INTEGER CODING RULES:
Replace the "return" statement in each function with one
or more lines of C code that implements the function. Your code
must conform to the following style:
int Funct(arg1, arg2, ...) {
/* brief description of how your implementation works */
int var1 = Expr1;
...
int varM = ExprM;
varJ = ExprJ;
...
varN = ExprN;
return ExprR;
}
Each "Expr" is an expression using ONLY the following:
1. Integer constants 0 through 255 (0xFF), inclusive. You are
not allowed to use big constants such as 0xffffffff.
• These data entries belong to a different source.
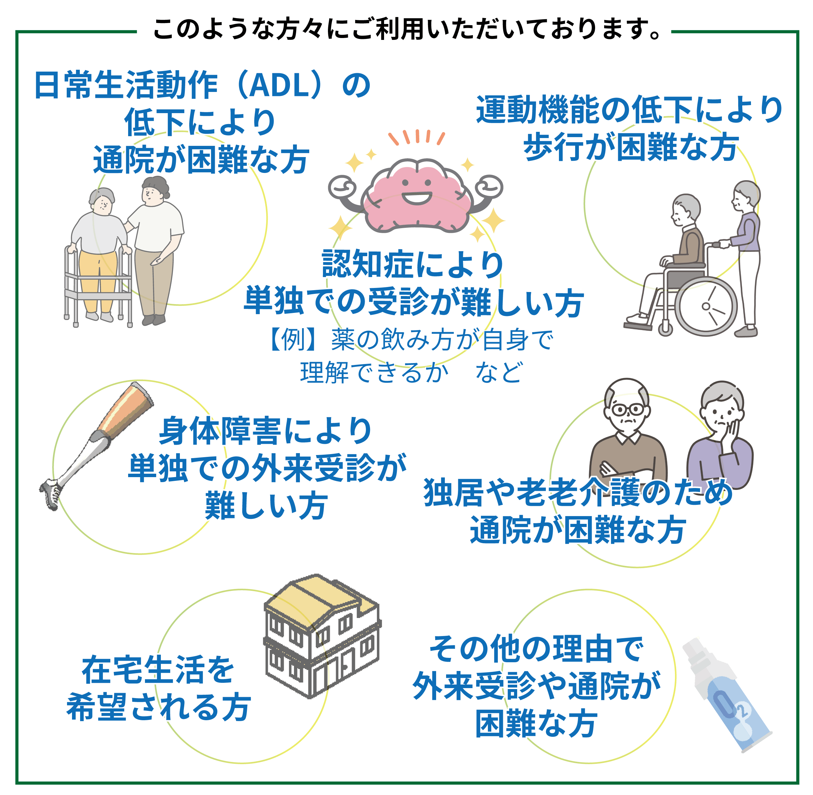 たとえば認知症で移動はできても、自分の症状を伝えられない、診察の内容を理解できない、薬が管理できない方は「通院できている」とは言えません。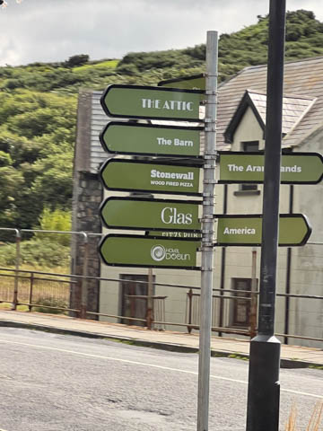 Love the sign on the corner, which had directions to the offshore Aran Islands, America, and Dublin.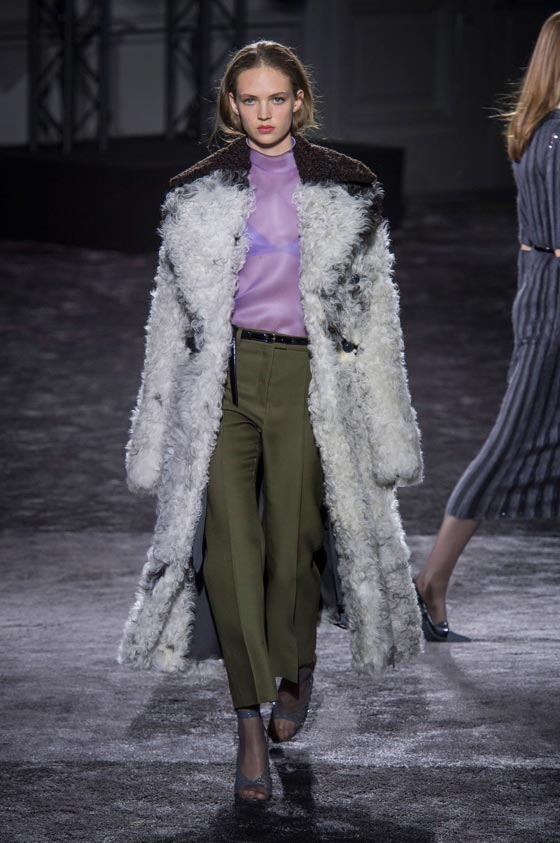 12- البنفسجي: هو لون فخم وأنيق، وقد زيّن العديد من الإطلالات في عروض هذا الخريف وقد لفتنا في عروض Elie Saab وCarven.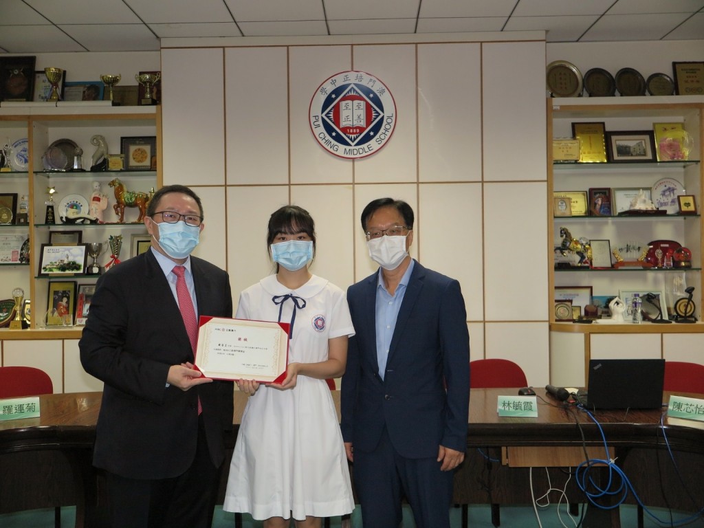 儀式上,高校長和工銀澳門陳錦聯副行政總裁一同頒發獲獎證書予獲獎同學。“工銀澳門基金獎”是為鼓勵長期參與商業知識競賽,以及即將到中國內地高等學府升讀金融、經濟等專業範疇的同學而設,獲獎同學有何梓為、何映霏、陳顥齊、李欣笑、蘇瑩芷、劉華睿、李靜然、黃文軒、鄭暉業和胡嘉葆。

2. Function arguments and local variables (no global variables).
3. Unary integer operations ! ~
4. Binary integer operations & ^ | + << >>
Some of the problems restrict the set of allowed operators even further.
Each "Expr" may consist of multiple operators. You are not restricted to
one operator per line.
You are expressly forbidden to:
1. Use any control constructs such as if, do, while, for, switch, etc.
2. Define or use any macros.
3. Define any additional functions in this file.
4. Call any functions.
5. Use any other operations, such as &&, ||, -, or ?:
6. Use any form of casting.
7. Use any data type other than int. This implies that you
cannot use arrays, structs, or unions.
You may assume that your machine:
1. Uses 2s complement, 32-bit representations of integers.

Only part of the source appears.